The actions of African mothers in captivity, often described in simplifying terms of madness, sadness, desperation, illness, and carelessness may have expressed a clear comprehension of the kind of disruption they were experiencing and careful analysis of their role in producing children to be consumed by the market. Through critical fabulation, the author explores the possible meanings enslaved African women associated with their captivity, how they might have used their previous experiences in commerce and trade networks to evaluate their position in the marketplace, what they might have assumed to be the future for themselves and their children, and how these considerations may have informed their actions.
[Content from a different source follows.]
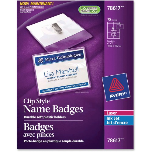 Create professional-looking name badges instantly with this easy-to-use kit. Garment-friendly clip provides a hands-free way to present your name and information at meetings, seminars, parties and more. Soft, PVC-free badge holders provide flexibility and easy readability. Name badges are compatible with laser and inkjet printers (each sold separately).

Throughout the book, Morgan discusses infanticides, miscarriages, suicides, and even the decision to ‘willingly’ go onto a slave ship as ways in which women have responded to the gendered horrors to which they were submitted in attempts to take hold of their future and that of their kin and communities. Towards the end of the book, we are invited to consider African women’s experiences of marronage and truancy, for which there is ample but elusive evidence. The documents which describe maroon women as victims of violent rebellious men may testify precisely to their ability to play with gendered, racialized expectations of docility to create opportunities to collaborate in rebellion, participate as maroon leadership, support truancy, hide, and run away.

Finally, this book can reveal the fundamentally racialized, gendered character of theories and knowledge that still orient much of the way we understand the world. Liberal economic principles enmeshed in the histories of racial hierarchies are seldom questioned as products of social relations rather than as forces of nature. International organizations inform economic policies by demographic projections based on notions not too distant from those Morgan analyzes in travelers’ accounts from centuries ago. Welfare and public health institutions reproduce, in their policies, profoundly racist ideas regarding Black motherhood. Morgan’s work and the questions it asks have the potential to destabilize these modern categories. As Black women lead worldwide movements to affirm the worth of Black lives in the face of white-supremacist violence today, Reckoning with Slavery illuminates some of the roots of this radical tradition of imagining Black futurity and making the world anew against the seemingly all-powerful forces of the state and the market.